Are Virtual IPs required for Data Guard?
Until 10.2.0.3, the Data Guard (and broker) technology suffered from several weaknesses. One of the "highlights" was that no Virtual IP management was provided by Oracle. This has quite important consequences for the clients as soon as the primary server is down (no IP responding to the TCP requests e.g. of a connection build up). In this case, the failover from the first to the second address (in the address list of the TNS entry used by the client) could take a long time, depending on network/TCP timeouts. The RAC/Clusterware architecture solved this issue by introducing the Virtual IPs (VIP) which where always available (maybe moved to a surviving node).
Of course several solutions are available to overcome that problem, for instance managing your own VIP with self-made scripts (and all the subsequent risks, you try to fake a failover cluster!), combine Data Guard with Failover Cluster technology (e.g. Heartbeat under Linux, Veritas Cluster Services), and so on ...

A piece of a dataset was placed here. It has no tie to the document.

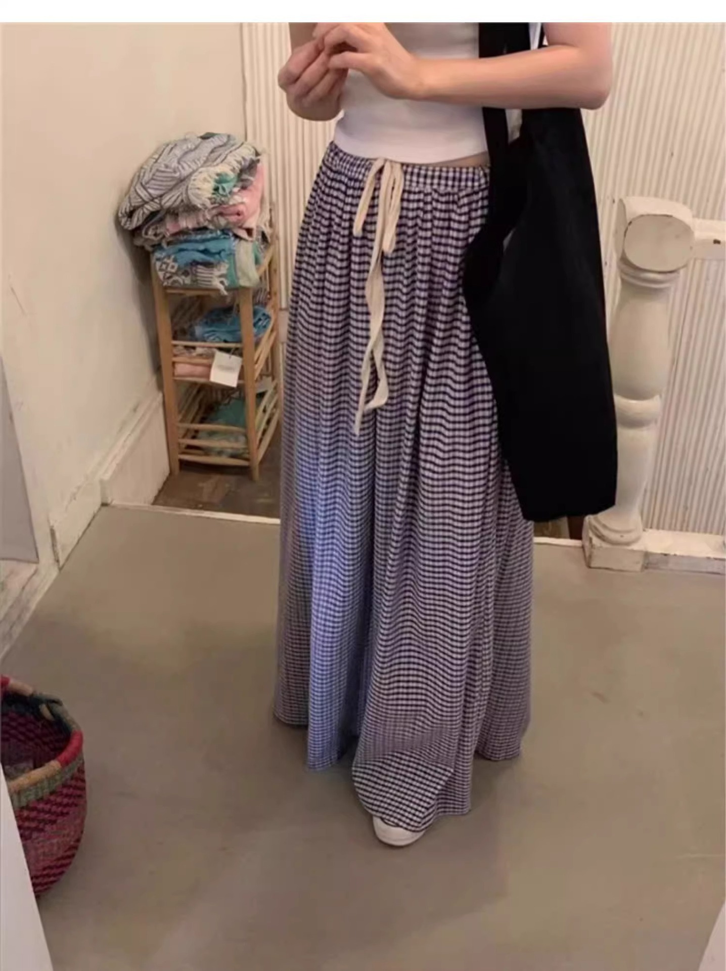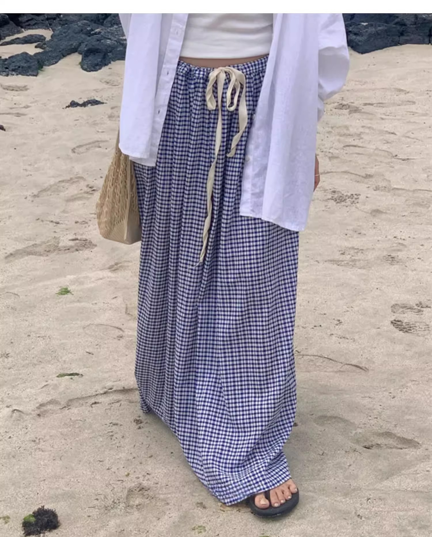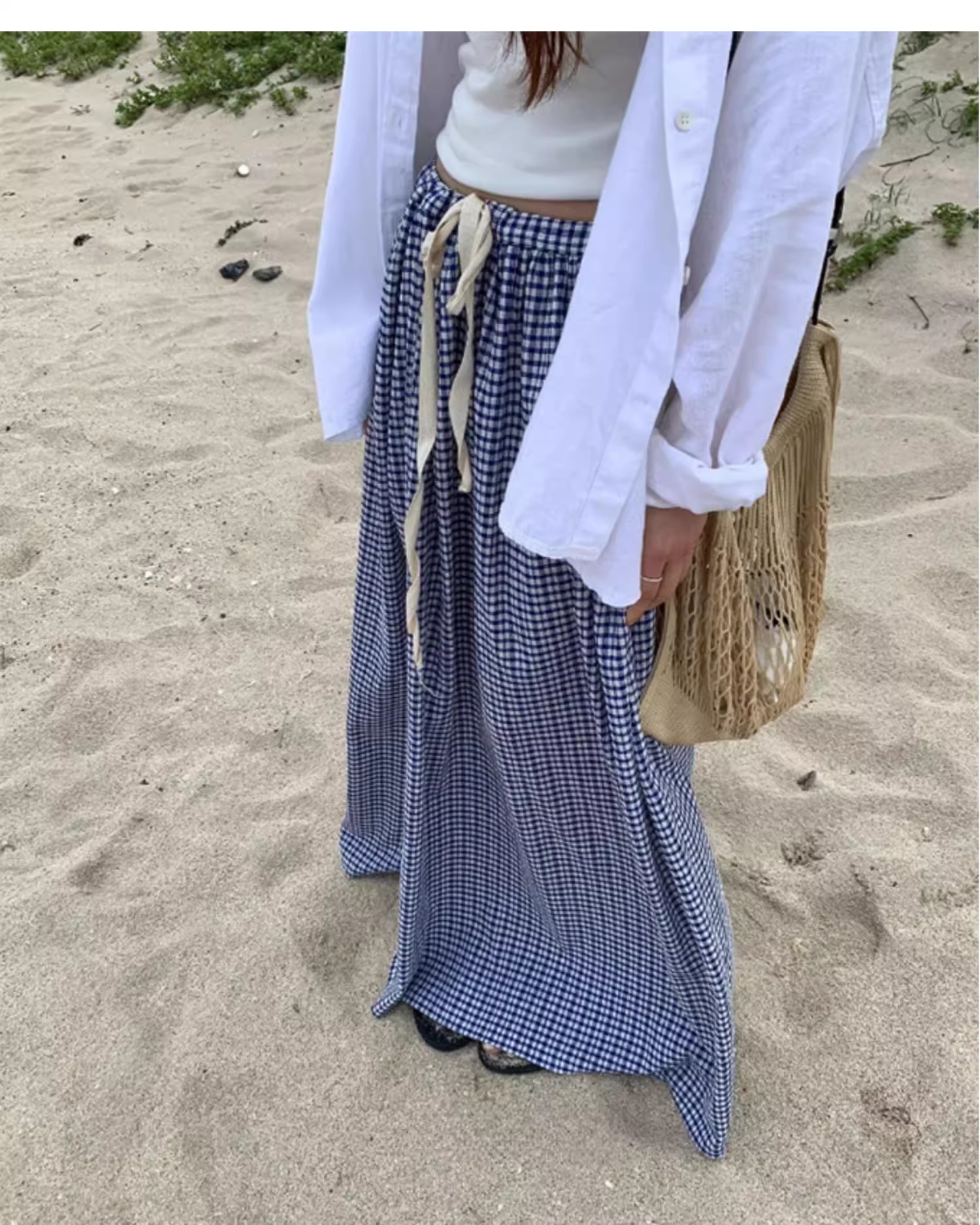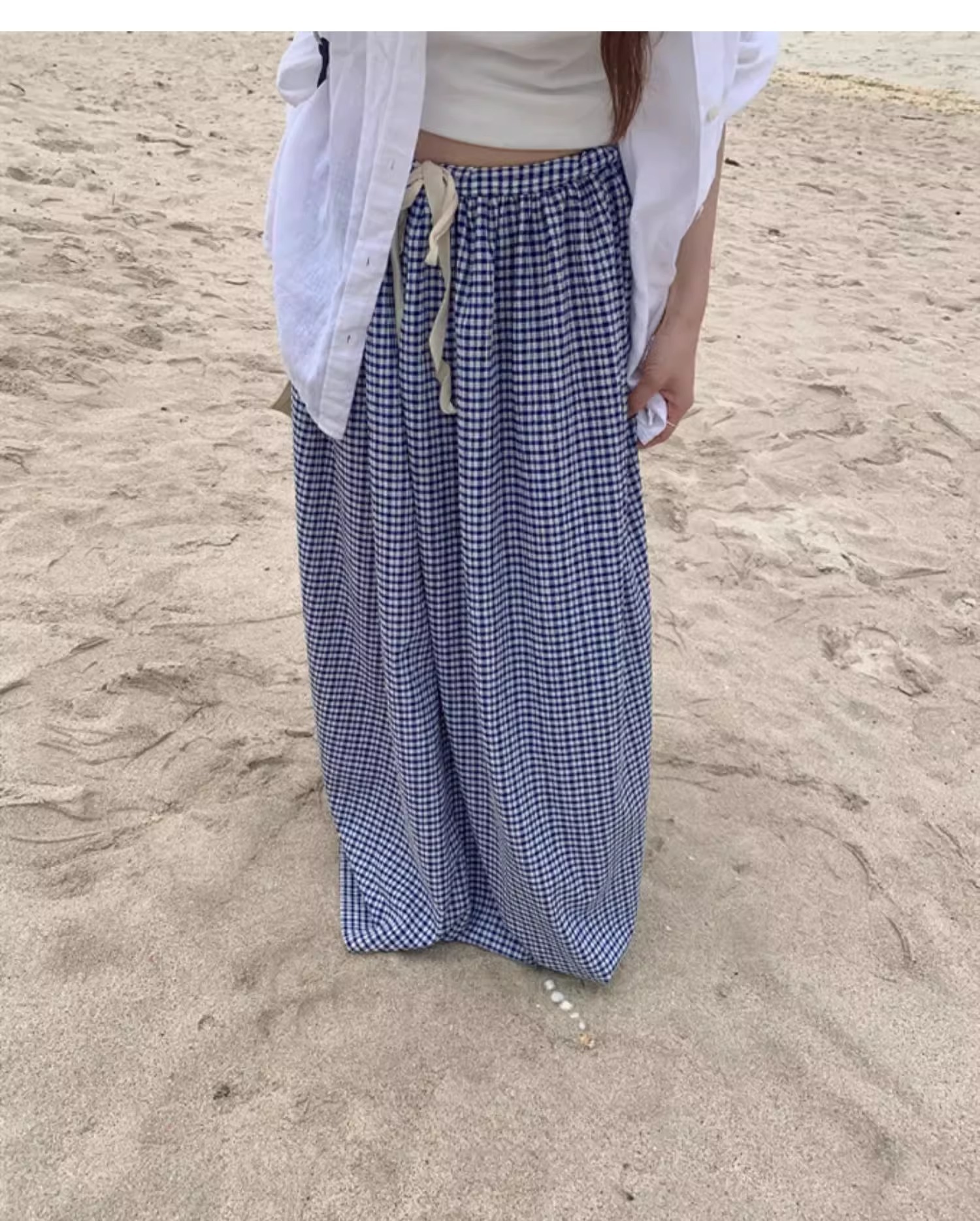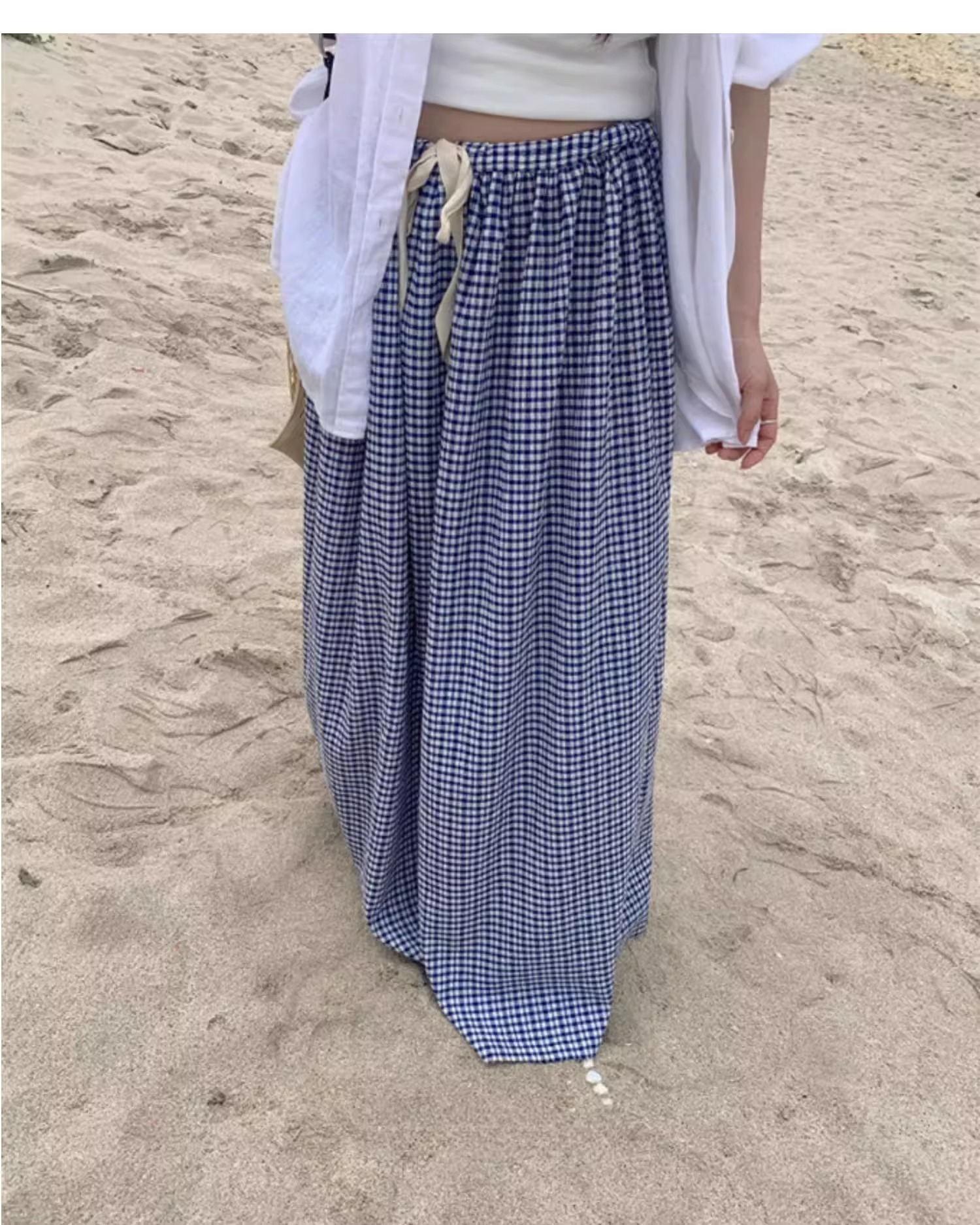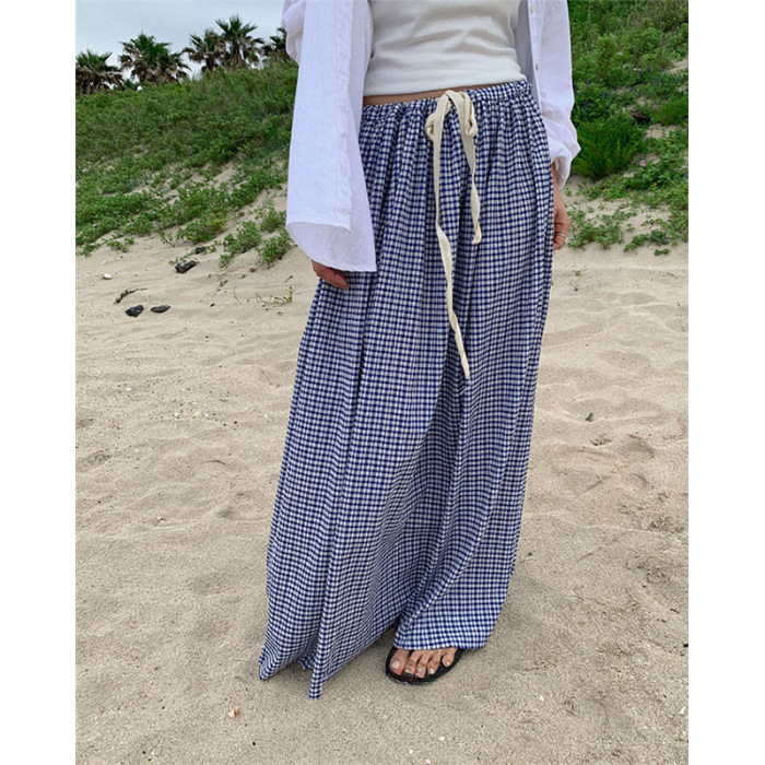 여름 여성용 체크 무늬 드로스트링 스커트 프렌치 니치 하이웨이스트 드레이프 루즈 슬리밍 바닥 길이 A라인 스커트 인 트렌드스토어 가기

All that solutions have as almost as many drawbacks as advantages, the most important are:
- How can we garantee that the VIP is always started on the Primary database side?
- How is it possible to prevent two Virtual IP running in parallel in the cluster?
However, one of the mentioned solutions is almost "mandatory" for Oracle clients before 10.2.0.3.
Starting with 10.2.0.3 on client and server side, Oracle proposes the OUTBOUNT_CONNECT_TIMEOUT parameter (not very well documented though). This option must be set in the sqlnet.ora file and defines the maximum number of seconds to be waited before trying to access the second, third etc. address in the ADDRESS_LIST, independent of TCP/IP timeouts. Examples:
In sqlnet.ora:
OUTBOUND_CONNECT_TIMEOUT=5
In tnsnames.ora on the client side or in the LDAP server:
PCMDB =
(DESCRIPTION =
(ADDRESS_LIST=
(ADDRESS = (PROTOCOL = TCP)(HOST = server1 )(PORT = 1521))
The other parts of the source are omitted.